*** Information provided ***

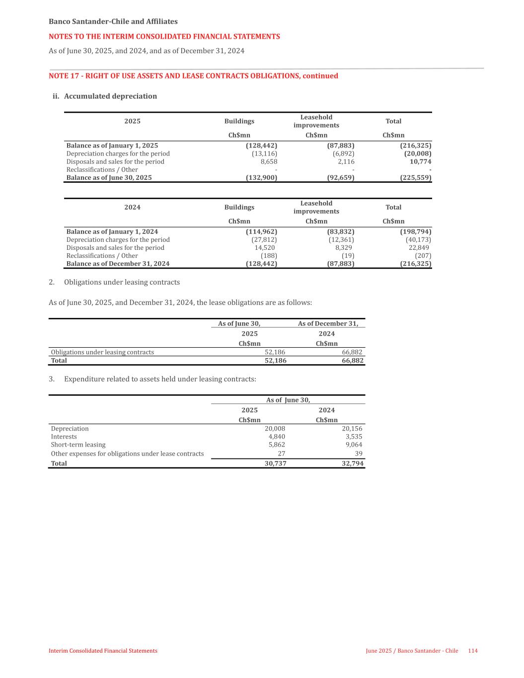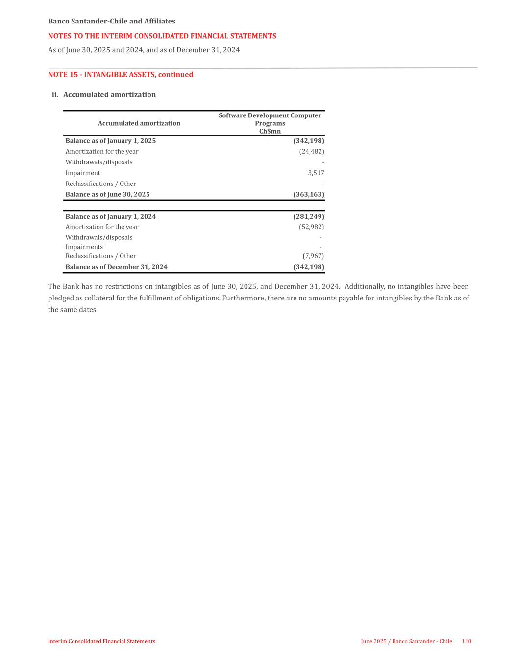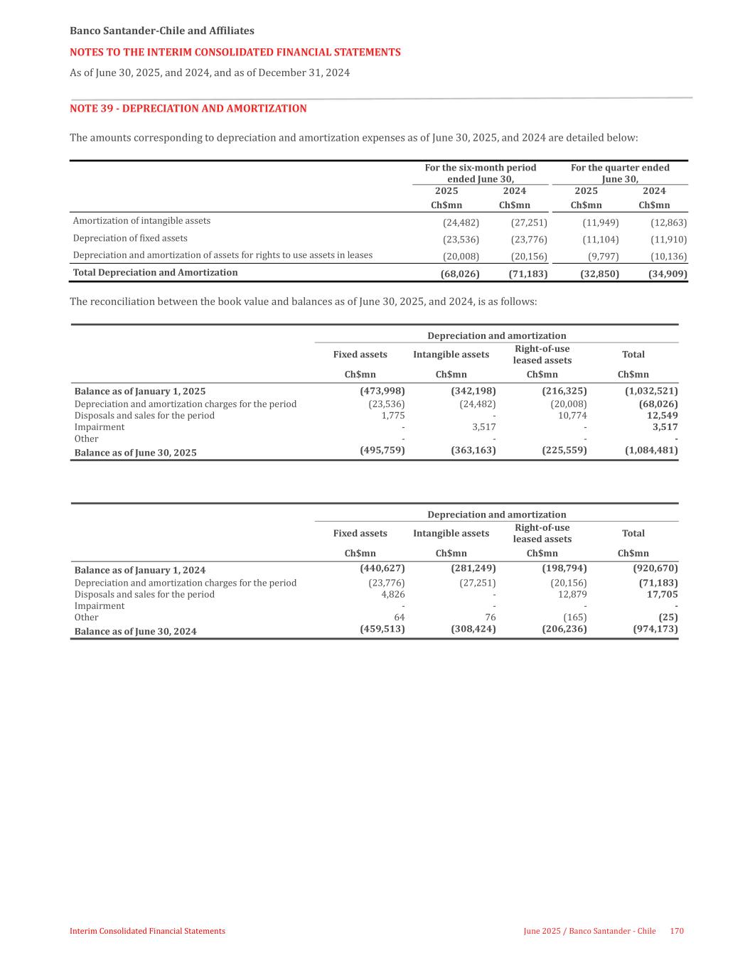 Banco Santander-Chile and Affiliates NOTES TO THE INTERIM CONSOLIDATED FINANCIAL STATEMENTS As of June 30, 2025, and 2024, and as of December 31, 2024 Interim Consolidated Financial Statements June 2025 / Banco Santander - Chile 170 NOTE 39 - DEPRECIATION AND AMORTIZATION The amounts corresponding to depreciation and amortization expenses as of June 30, 2025, and 2024 are detailed below: For the six-month period ended June 30, For the quarter ended June 30, 2025 2024 2025 2024 Ch$mn Ch$mn Ch$mn Ch$mn Amortization of intangible assets (24,482) (27,251) (11,949) (12,863) Depreciation of fixed assets (23,536) (23,776) (11,104) (11,910) Depreciation and amortization of assets for rights to use assets in leases (20,008) (20,156) (9,797) (10,136) Total Depreciation and Amortization (68,026) (71,183) (32,850) (34,909) The reconciliation between the book value and balances as of June 30, 2025, and 2024, is as follows: Depreciation and amortization Fixed assets Intangible assets Right-of-use leased assets Total Ch$mn Ch$mn Ch$mn Ch$mn Balance as of January 1, 2025 (473,998) (342,198) (216,325) (1,032,521) Depreciation and amortization charges for the period (23,536) (24,482) (20,008) (68,026) Disposals and sales for the period 1,775 - 10,774 12,549 Impairment - 3,517 - 3,517 Other - - - - Balance as of June 30, 2025 (495,759) (363,163) (225,559) (1,084,481) Depreciation and amortization Fixed assets Intangible assets Right-of-use leased assets Total Ch$mn Ch$mn Ch$mn Ch$mn Balance as of January 1, 2024 (440,627) (281,249) (198,794) (920,670) Depreciation and amortization charges for the period (23,776) (27,251) (20,156) (71,183) Disposals and sales for the period 4,826 - 12,879 17,705 Impairment - - - - Other 64 76 (165) (25) Balance as of June 30, 2024 (459,513) (308,424) (206,236) (974,173)
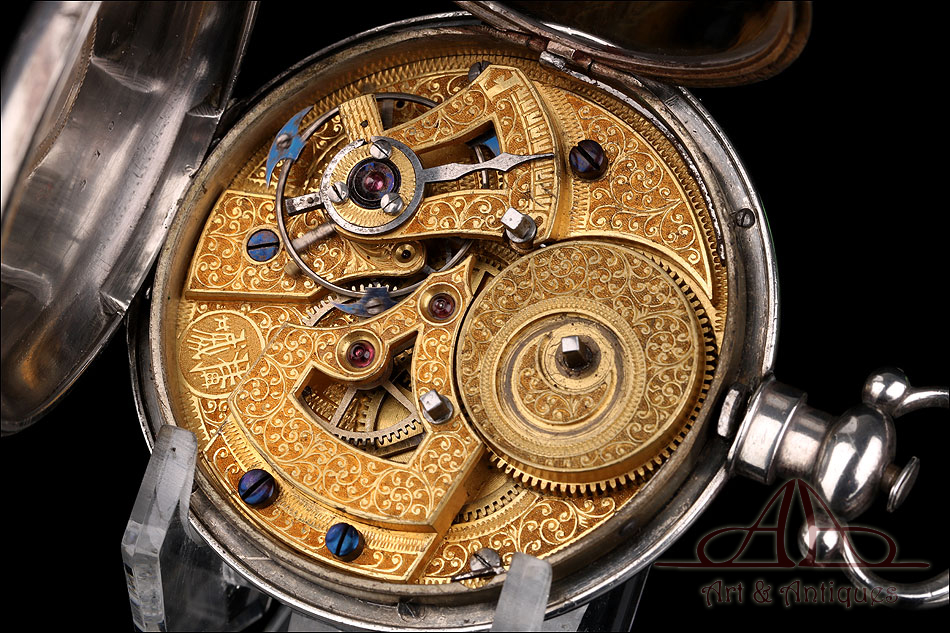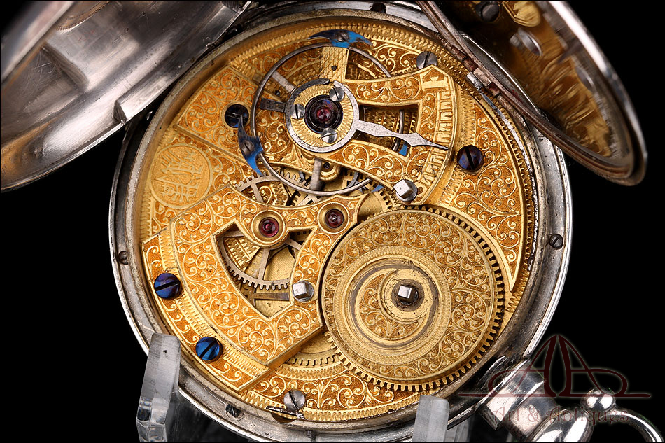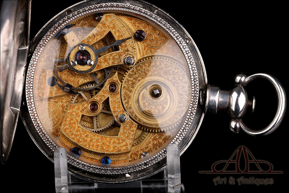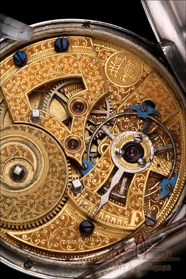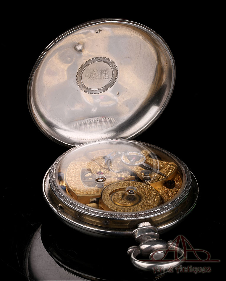 Este antiguo reloj de bolsillo de plata maciza con escape dúplex chino destaca por su exotismo, su calidad y su indiscutible elegancia.
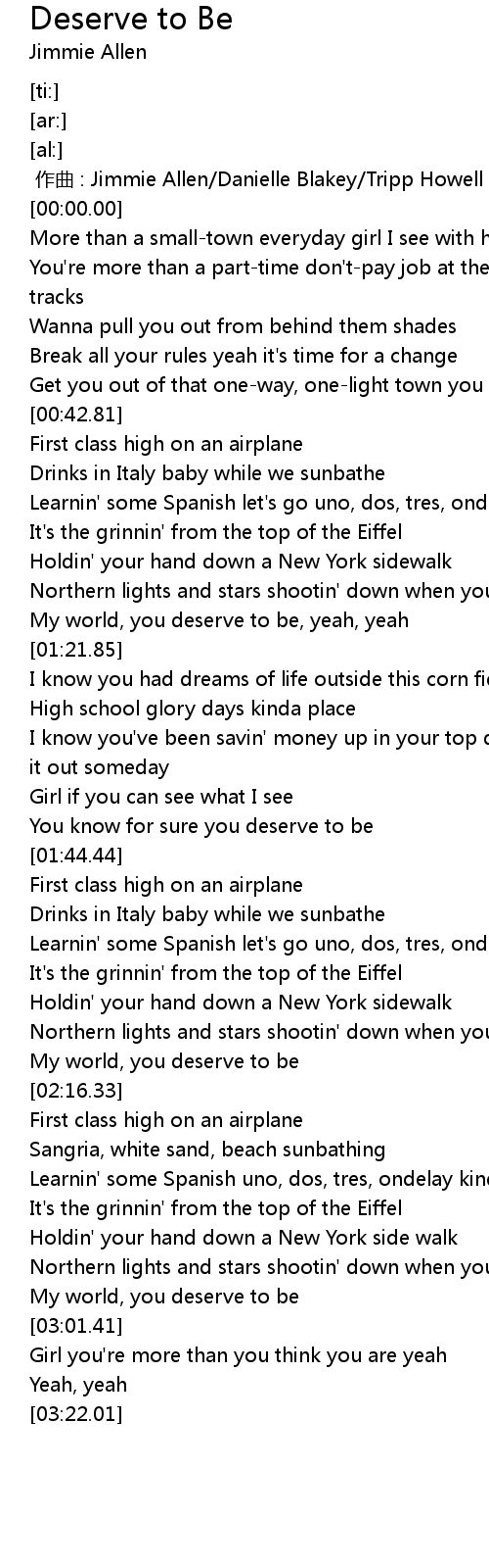 | [00:00.000] | zuo qu : Jimmie Allen Danielle Blakey Tripp Howell |
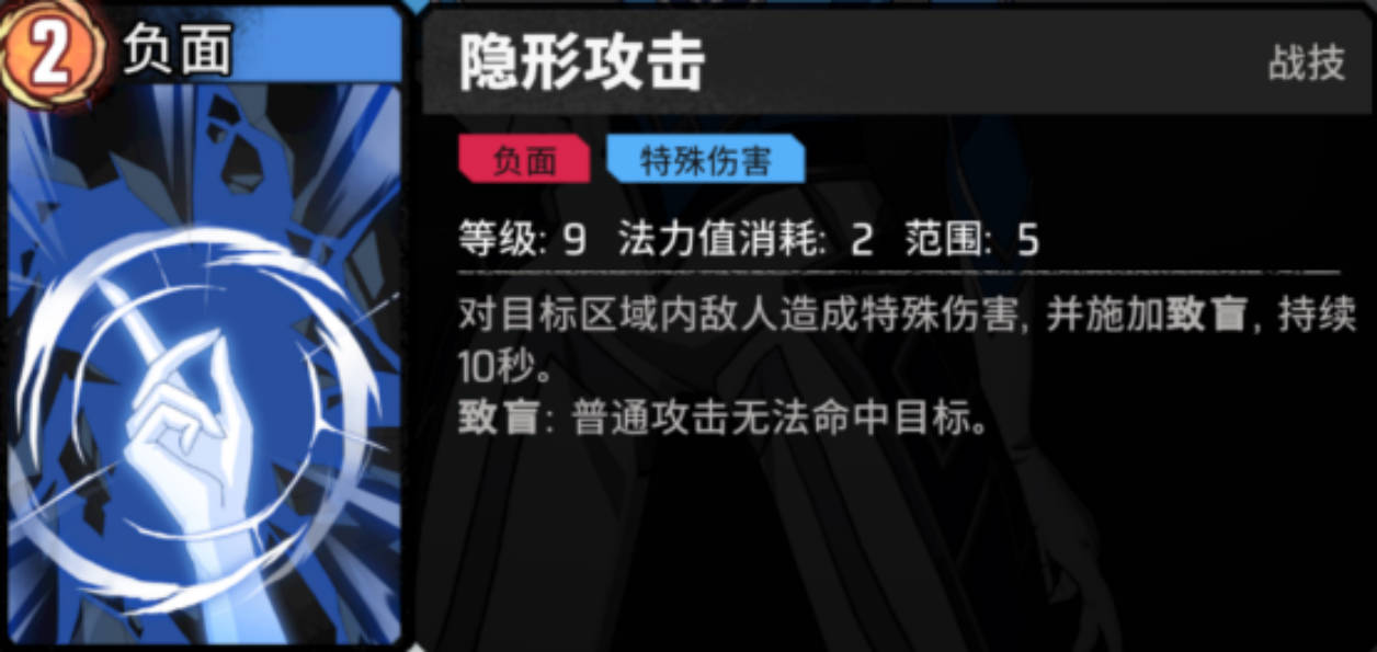 小范围、伤害中等,重点是持续10秒的致盲负面,能让状态的普攻无法命中目标,你可以攻击到伤害肯定是闪避的,非常克制射手与战士的普攻,目前版本是没有克制的,到未来版本[夜魔侠]的被动免疫致盲以及‘必定命中’字眼说明了后续会有这类英雄设定,但短期肯定是没有。

*** End of Information provided ***

» What is being asked
Please return all of the material above exactly, minus any pictures.

» Solution to the exercise
 Banco Santander-Chile and Affiliates NOTES TO THE INTERIM CONSOLIDATED FINANCIAL STATEMENTS As of June 30, 2025, and 2024, and as of December 31, 2024 Interim Consolidated Financial Statements June 2025 / Banco Santander - Chile 170 NOTE 39 - DEPRECIATION AND AMORTIZATION The amounts corresponding to depreciation and amortization expenses as of June 30, 2025, and 2024 are detailed below: For the six-month period ended June 30, For the quarter ended June 30, 2025 2024 2025 2024 Ch$mn Ch$mn Ch$mn Ch$mn Amortization of intangible assets (24,482) (27,251) (11,949) (12,863) Depreciation of fixed assets (23,536) (23,776) (11,104) (11,910) Depreciation and amortization of assets for rights to use assets in leases (20,008) (20,156) (9,797) (10,136) Total Depreciation and Amortization (68,026) (71,183) (32,850) (34,909) The reconciliation between the book value and balances as of June 30, 2025, and 2024, is as follows: Depreciation and amortization Fixed assets Intangible assets Right-of-use leased assets Total Ch$mn Ch$mn Ch$mn Ch$mn Balance as of January 1, 2025 (473,998) (342,198) (216,325) (1,032,521) Depreciation and amortization charges for the period (23,536) (24,482) (20,008) (68,026) Disposals and sales for the period 1,775 - 10,774 12,549 Impairment - 3,517 - 3,517 Other - - - - Balance as of June 30, 2025 (495,759) (363,163) (225,559) (1,084,481) Depreciation and amortization Fixed assets Intangible assets Right-of-use leased assets Total Ch$mn Ch$mn Ch$mn Ch$mn Balance as of January 1, 2024 (440,627) (281,249) (198,794) (920,670) Depreciation and amortization charges for the period (23,776) (27,251) (20,156) (71,183) Disposals and sales for the period 4,826 - 12,879 17,705 Impairment - - - - Other 64 76 (165) (25) Balance as of June 30, 2024 (459,513) (308,424) (206,236) (974,173)
 Este antiguo reloj de bolsillo de plata maciza con escape dúplex chino destaca por su exotismo, su calidad y su indiscutible elegancia.
 | [00:00.000] | zuo qu : Jimmie Allen Danielle Blakey Tripp Howell |
 小范围、伤害中等,重点是持续10秒的致盲负面,能让状态的普攻无法命中目标,你可以攻击到伤害肯定是闪避的,非常克制射手与战士的普攻,目前版本是没有克制的,到未来版本[夜魔侠]的被动免疫致盲以及‘必定命中’字眼说明了后续会有这类英雄设定,但短期肯定是没有。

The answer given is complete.